I was writing my first book – Influence – which was an investigation into how digital influence works, and was fascinated by how the alt-right had used social media to rise. So, I spoke to an expert and after we talked through how racist content goes on a journey from 4-chan to Twitter, he shared why de-platforming doesn’t work. In a way, this was news to me – surely if you deny the person their mass audience, you can start to solve the problem? No, he laughed. The kind of laugh you do, not because someone is funny, but because they are so ignorant you can hardly believe it.

He told me about an incel group that had existed on Twitter, Facebook and Reddit. They were really dark and extreme – properly scary – and one-by-one each platform kicked them off. Now, he said, you can’t see what they’re doing. Now, they are completely in the dark. “But they are still out there,” he said. “It’s just now we don’t know where.” Thanks to the mainstream social networks attempting to de-platform them, they are using their own networks – free of regulation, suspension and people who might challenge them.

With Trump losing Twitter, and no doubt Facebook will follow when he leaves office, it’s entirely plausible he’ll create his own digital platform to welcome his enormous devoted audience. His relentless message of “us (MAGA) vs them (everyone else)” means his followers already believe Twitter and Facebook are against them. They already believe the world is against them. Only Trump allows them to be authentic, say what they truly think and not be the bad guys. Even if they are the bad guys.

A Trump-owned digital platform would thrive, especially now that his audience is united by the injustice – albeit falsehood – of a stolen election. They are already riled up and mobilised. The only thing missing on social media is their great leader, their queen bee, and there’s no way he’s going to give up that much power just because Jack Dorsey puts his foot down (five-ish years too late).
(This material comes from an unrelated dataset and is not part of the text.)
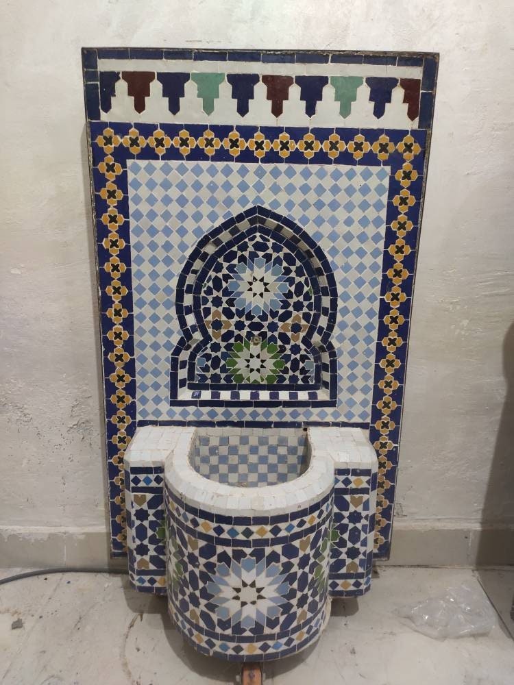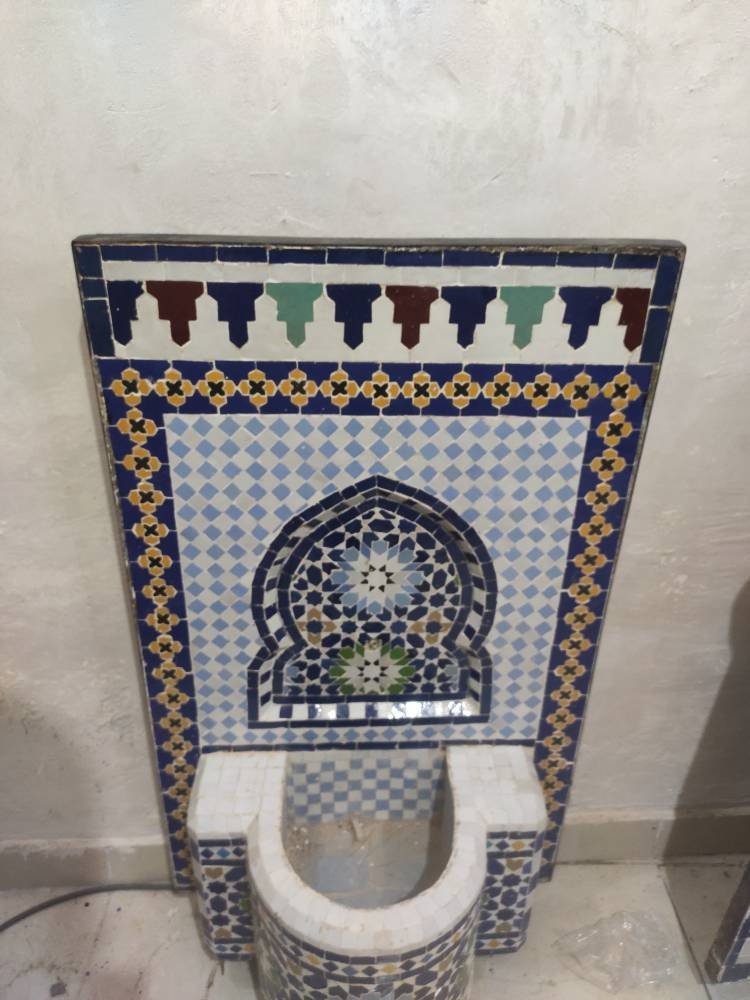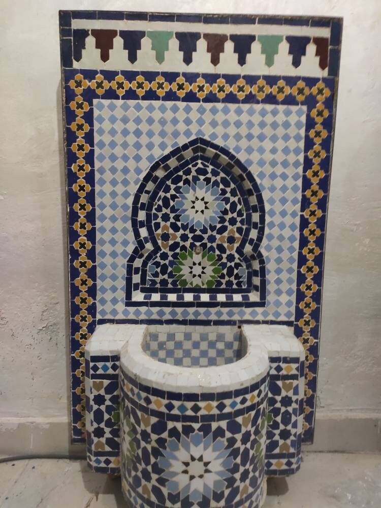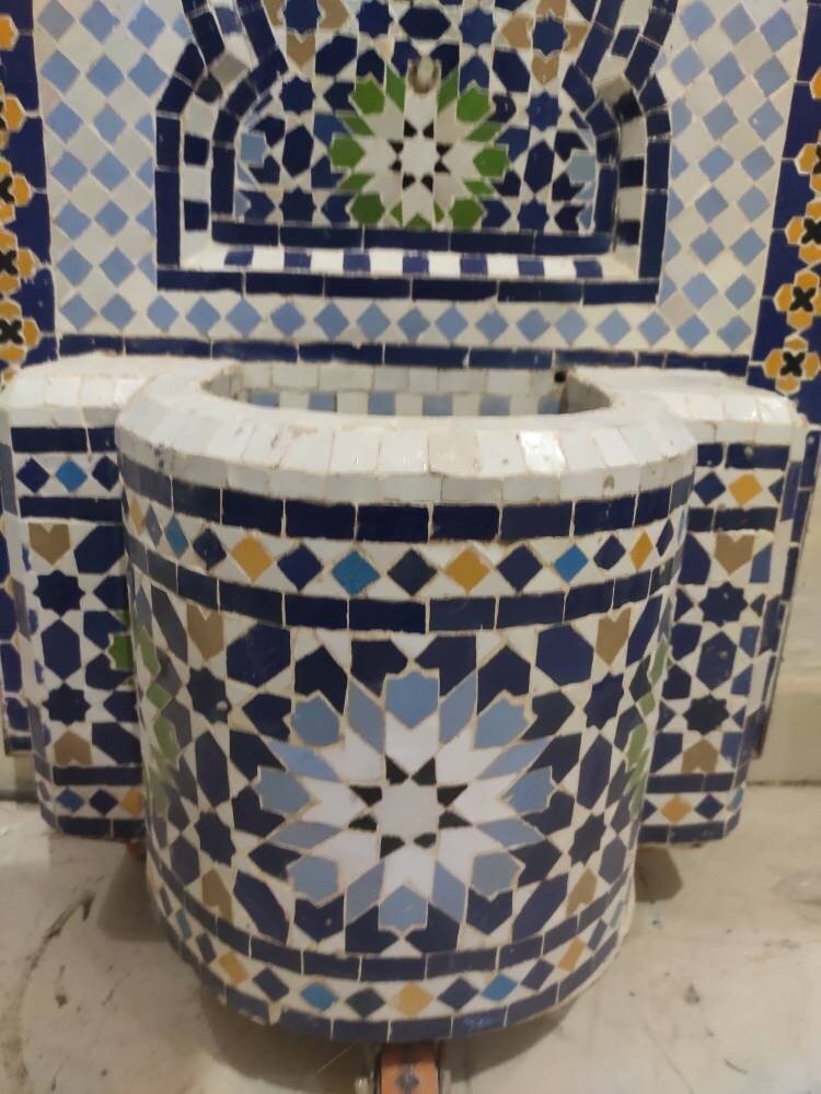 Our fantastic Moroccan Zellige Tile Fountains are handmade in a workshop in small workshop. Morocco is renowned for its incredibly intricate tile work called zellige, with hundreds of hand cut tile pieces carefully placed in remarkably intricate designs. Each water fountain is unique and one of a kind, with the design inspired by the Moroccan tradition!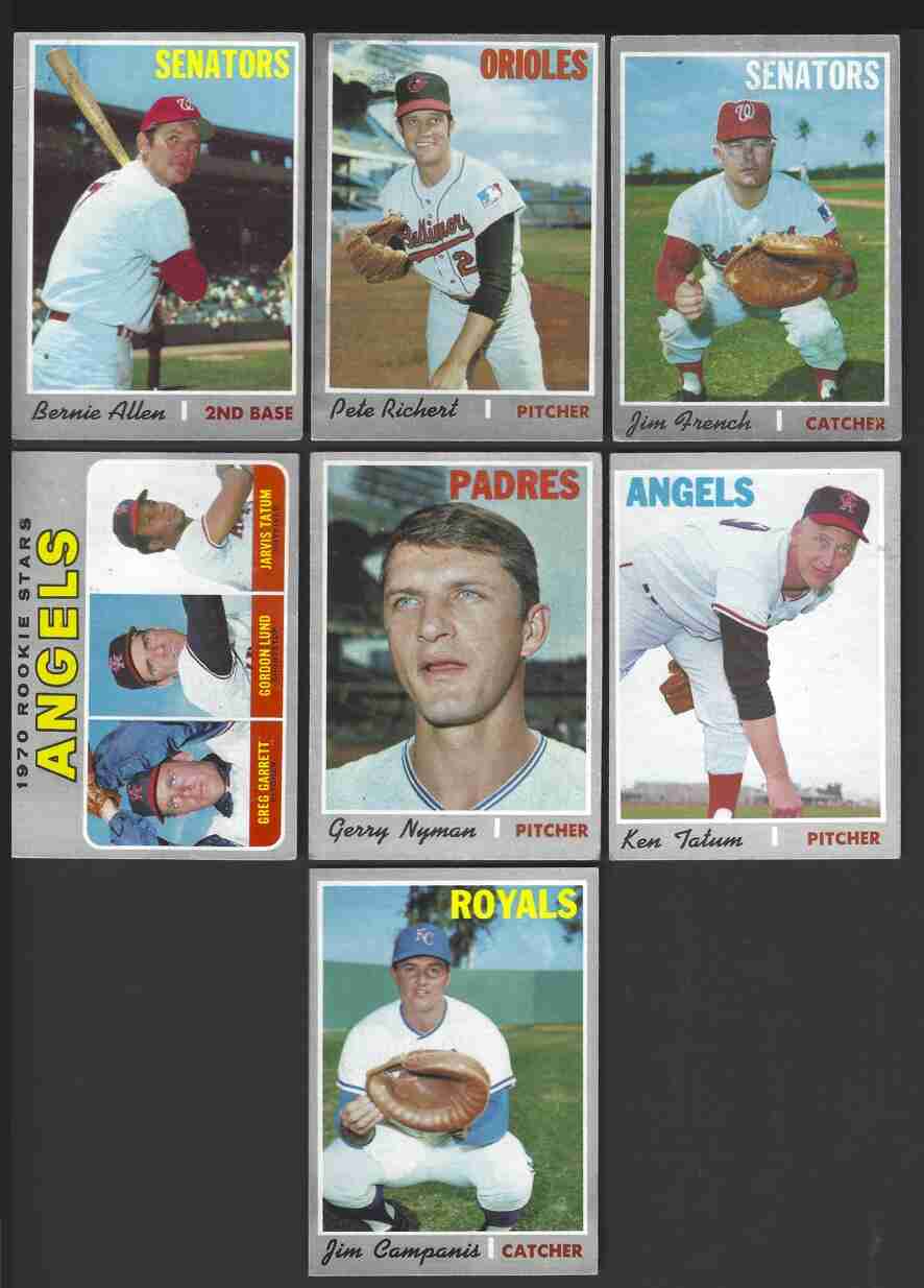 1970 Topps Baseball Lot (15) -Hi No's-. No's-577.601,617,642,644,658,671,682, 684,685,694,705,711,714,717. Large lot of scarce 1970 Topps Baseball Hi-No's. Cards are in the lower-grade range - corner wear, wrinkle, crease. Nice lot to fill some numbers if you don't mind off-condition cards. Please review scans carefully for condition.

The fact is, if a person has a digital audience that loves them enough, it’s pretty impossible to de-platform them in the digital age. Because that audience doesn’t care if the platform is Twitter, Facebook or something else entirely – they’re not there for the platform, they’re there for the person. And in this case that’s Trump – unfortunately the biggest digital influencer of our time and more worrying, the scariest.

By Sara McCorquodale, CEO and founder of CORQ.